## What to produce
For this exercise, retype every record below exactly and keep the pictures out.

## Working data
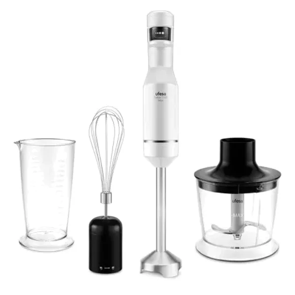 Potência 1500W Touch speed – Permite o controlo de velocidade Visor digital 4 lâminas de alta eficiência Ergonómico Design anti-salpicos Copo medidor de 700 ml Picador de 500 ml Batedor
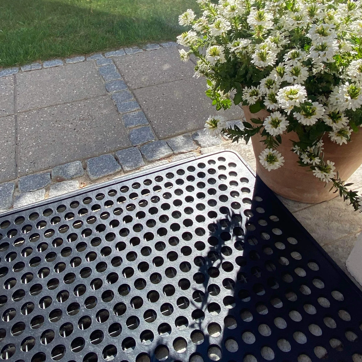 Die Gummi-Fußabtreter von tica copenhagen ist die optimale Matte für den Eingangsbereich und vor der Haustür. Die Matte wird aus 60 % recyceltem Gummi hergestellt und ist dadurch recht schwer. Deshalb liegt die Matte sowohl im Innen- als auch im Außenbereich stabil und fest auf dem Boden und verrutscht nicht. Die Matte kann ganzjährig draußen liegen und ist mit einem Staubsauger oder mit Wasser leicht zu reinigen.
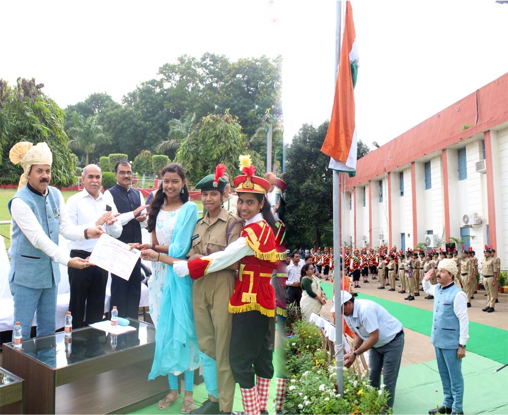 रायपुर- 77वें स्वतंत्रता दिवस के अवसर पर कुलपति डॉ. गिरीश चंदेल ने कृषि महाविद्यालय, रायपुर में विश्वविद्यालय स्तरीय स्वतंत्रता दिवस समारोह में तिरंगा फहराया एवं परेड की सलामी ली. 77वें स्वतंत्रता दिवस के अवसर पर आयोजित समारोह में महाविद्यालय के उत्कृष्ट कार्य करने वाले छात्र-छात्राओं, एन.सी.सी. के कैडेट्स एवं एन.एस.एस. के स्वयंसेवकों को बी एवं सी सर्टिफिकेट प्रदान किये. कार्यक्रम के दौरान एन.सी.सी. एवं एन.एस.एस. के कैडेट्स द्वारा देश भक्ति गीतों का प्रस्तुतिकरण दिया गया. कृषि महाविद्यालय रायपुर के छात्र-छात्राओं के बैंड द्वारा आकर्षक प्रस्तुतीकरण दिया गया.
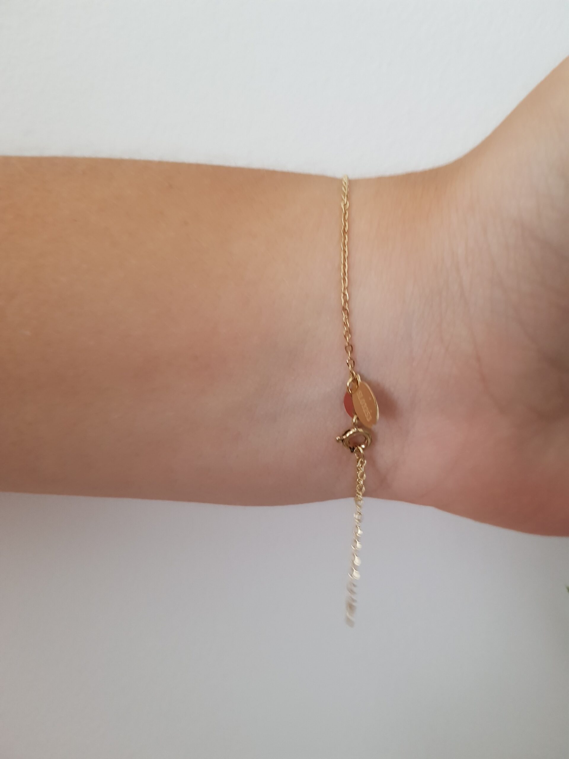 This elegant gold bracelet features a bold chain with a sparkling crystal-studded charm, adding a touch of glamour and sophistication. Perfect for enhancing any outfit, it combines classic design with modern elegance.
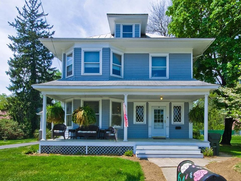 This home has a beautiful foyer spacious living room, parlor, huge dining room and 4+ bedrooms. Large deep lot that backs to Crosswicks Creek. The extra room currently being used as an office. So many unique characteristics like pocket doors, beautiful moldings, hardwood floors, Large bedrooms, back staircase, true butlers pantry, push button light switches, walk-up third floor and so much more. Huge detached barn/garage and a large yard with creek access. Some bedrooms need TLC. This is a must see.
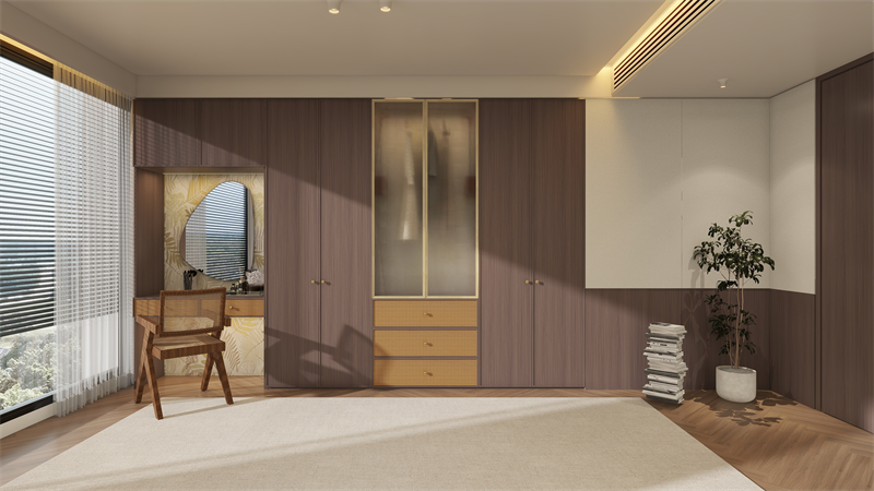 整個空間以深色木紋打底,大面積的木紋拼框柜門,既保留中古經(jīng)典特色,也兼?zhèn)涔诺渑c現(xiàn)代美感。衣柜局部應用長虹玻璃,嵌入梳妝臺,搭配內嵌燈帶,透光不投影的朦朧感,驚艷每一天。

## Finished exercise
 Potência 1500W Touch speed – Permite o controlo de velocidade Visor digital 4 lâminas de alta eficiência Ergonómico Design anti-salpicos Copo medidor de 700 ml Picador de 500 ml Batedor
 Die Gummi-Fußabtreter von tica copenhagen ist die optimale Matte für den Eingangsbereich und vor der Haustür. Die Matte wird aus 60 % recyceltem Gummi hergestellt und ist dadurch recht schwer. Deshalb liegt die Matte sowohl im Innen- als auch im Außenbereich stabil und fest auf dem Boden und verrutscht nicht. Die Matte kann ganzjährig draußen liegen und ist mit einem Staubsauger oder mit Wasser leicht zu reinigen.
 रायपुर- 77वें स्वतंत्रता दिवस के अवसर पर कुलपति डॉ. गिरीश चंदेल ने कृषि महाविद्यालय, रायपुर में विश्वविद्यालय स्तरीय स्वतंत्रता दिवस समारोह में तिरंगा फहराया एवं परेड की सलामी ली. 77वें स्वतंत्रता दिवस के अवसर पर आयोजित समारोह में महाविद्यालय के उत्कृष्ट कार्य करने वाले छात्र-छात्राओं, एन.सी.सी. के कैडेट्स एवं एन.एस.एस. के स्वयंसेवकों को बी एवं सी सर्टिफिकेट प्रदान किये. कार्यक्रम के दौरान एन.सी.सी. एवं एन.एस.एस. के कैडेट्स द्वारा देश भक्ति गीतों का प्रस्तुतिकरण दिया गया. कृषि महाविद्यालय रायपुर के छात्र-छात्राओं के बैंड द्वारा आकर्षक प्रस्तुतीकरण दिया गया.
 This elegant gold bracelet features a bold chain with a sparkling crystal-studded charm, adding a touch of glamour and sophistication. Perfect for enhancing any outfit, it combines classic design with modern elegance.
 This home has a beautiful foyer spacious living room, parlor, huge dining room and 4+ bedrooms. Large deep lot that backs to Crosswicks Creek. The extra room currently being used as an office. So many unique characteristics like pocket doors, beautiful moldings, hardwood floors, Large bedrooms, back staircase, true butlers pantry, push button light switches, walk-up third floor and so much more. Huge detached barn/garage and a large yard with creek access. Some bedrooms need TLC. This is a must see.
 整個空間以深色木紋打底,大面積的木紋拼框柜門,既保留中古經(jīng)典特色,也兼?zhèn)涔诺渑c現(xiàn)代美感。衣柜局部應用長虹玻璃,嵌入梳妝臺,搭配內嵌燈帶,透光不投影的朦朧感,驚艷每一天。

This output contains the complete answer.